Tuesday, April 3, 2012

All Tomorrows Parties (2003)


Nelson Yu Lik-wai's tale of a dystopian future is either going to thrill you or bore the living crap out of you. In reading on the film after the fact I saw it I was struck by how no one could not take some stand on the film's quality and meaning if any.

Set in a future when some sort of religious group has seized control of all of Asia the film begins as two brothers attempt to make a break from a work camp. They are captured and tossed into a re-education camp (its modeled in someways on the Communist re-education camps). Several years later it all ends with a whimper as everyone wakes up to find that the leaders have all gone away. The prisoners all wander out into the wilderness heading across industrial landscapes trying to find some mythic safe haven.

Beautifully shot, the director usually works as a cinematographer, the film is a series of carefully composed images that finds a a beauty in even the most decaying of objects or architecture. Without even the sparse dialog the images manage to forcefully create a time and place that is like our own and yet not. Its very much a world that could be where we are headed.

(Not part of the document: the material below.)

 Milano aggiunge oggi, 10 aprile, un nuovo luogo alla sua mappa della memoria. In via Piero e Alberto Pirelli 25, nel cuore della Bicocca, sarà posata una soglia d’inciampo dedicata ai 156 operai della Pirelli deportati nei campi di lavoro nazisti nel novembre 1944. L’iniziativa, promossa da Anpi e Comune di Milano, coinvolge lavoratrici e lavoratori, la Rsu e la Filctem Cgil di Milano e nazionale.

I like the film's cynical look at how the troubles of the new will ultimately give way to new troubles tomorrow. The title of the film is not about parties as in Birthday, but rather parties as in politics. However I should mention that the film is rooted in the people and the characters and deals with how they react when thrown into certain situations.

The trouble with the film, and it seems one of the main reasons the film has so many detractors, is that it's a very long and slow 100 minutes in the cinema. Dialog is sparse. Its not particularly flowing and descriptive, rather it terse and on point. The pacing is slow and drawn out. Some sequences go on a too long. Basically if you don't click with it this film is a really long haul...or as some have said painfully slow.

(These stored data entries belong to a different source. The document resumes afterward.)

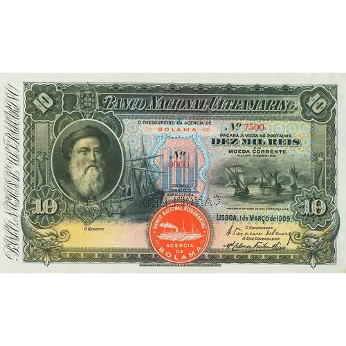 | Obverse lettering | BANCO NACIONAL ULTRAMARINO O THESOUREIRO DA AGENCIA DE BOLAMA PAGARA A VISTA A PORTADOR DEZ MIL REIS EM MOEDA CORRENTE VALOR RECIBIDO LISBOA, I DE MARÇO DE 1909. (Translation: National Bank Overseas the Treasurer of the Agency of Bolama pay to the bearer Ten Thousand Reis in currency amount received Lisbon, March 1, 1909.) |
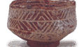 This is a tea bowl with a high waist height, which is often seen in the Nezumi-Shino style. One side of the body is decorated with a gentle mountain design, a weeping pattern, and a cypress fence design. From its shape, it is thought to be a work from the same period as the “Sazanami” and “Higaki-style Tea Bowl” of the Nezumi-Shino ware. The slightly outward opening of the takadai tatami-zuke has been carved with thin lines to form a double takadai, but it has been stroked with the fingers to give it a hand-kneaded taste. The triangular shape of the earthenware is glazed with a relatively narrow area of clay.
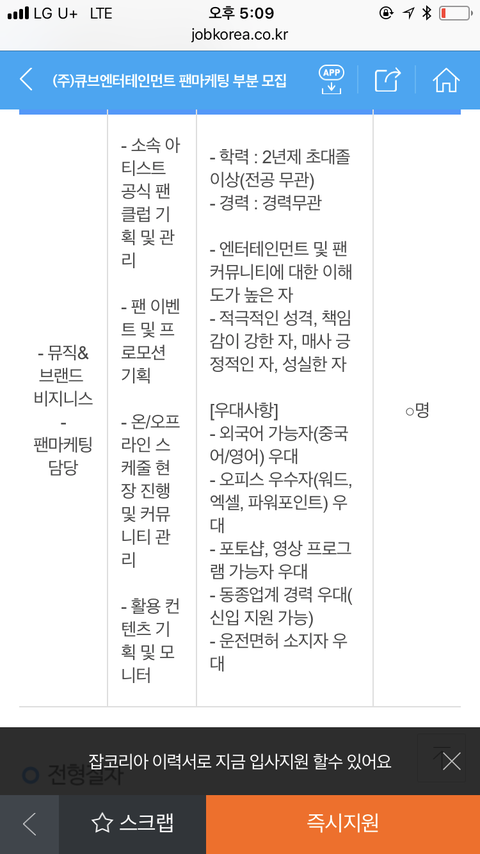 큐브 팬마케팅 직원 뽑는 중이네
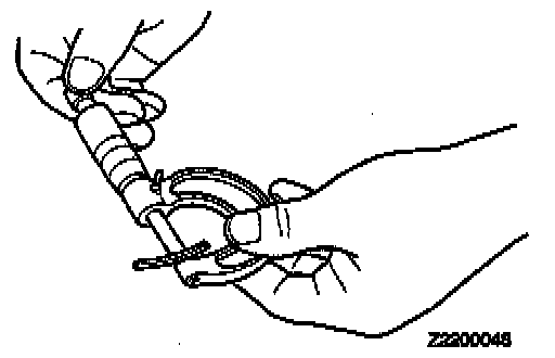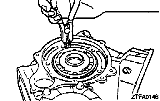 8. Remove the outer race from the front bearing retainer and remove the solder. If the solder does not break, perform the work in steps 5-8 with large diameter solder. Measure the thickness of the crushed solder with a micrometer and select a spacer with the correct thickness so the preload reaches the standard value.

I'm mixed on the film. I like what it's trying to do, I like how it looks, I like the ideas behind it, but I have a tough time sitting and watching the film in one go through. Lord help me this is a slow film.

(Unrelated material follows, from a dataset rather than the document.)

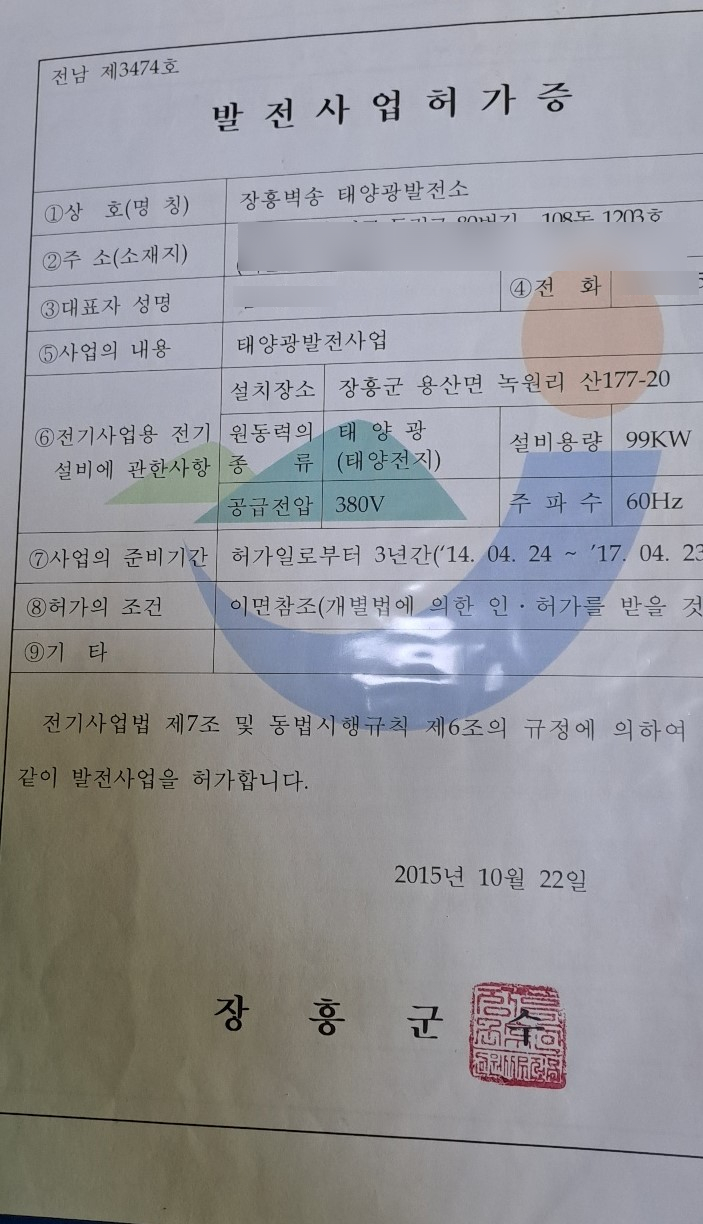 발전소 명 : 장흥 벽송 태양광발전소

Normally I'd probably not recommend this film because of it's pacing, the film is a bit too far on the wrong side of slow, however in all honesty there is something about the film that intrigues the hell out of me. I don't know what it is precisely but what ever it is makes me want say that there is something about it that makes me think that if you can manage to stay with it, if you can accept the pacing then you might find something in it.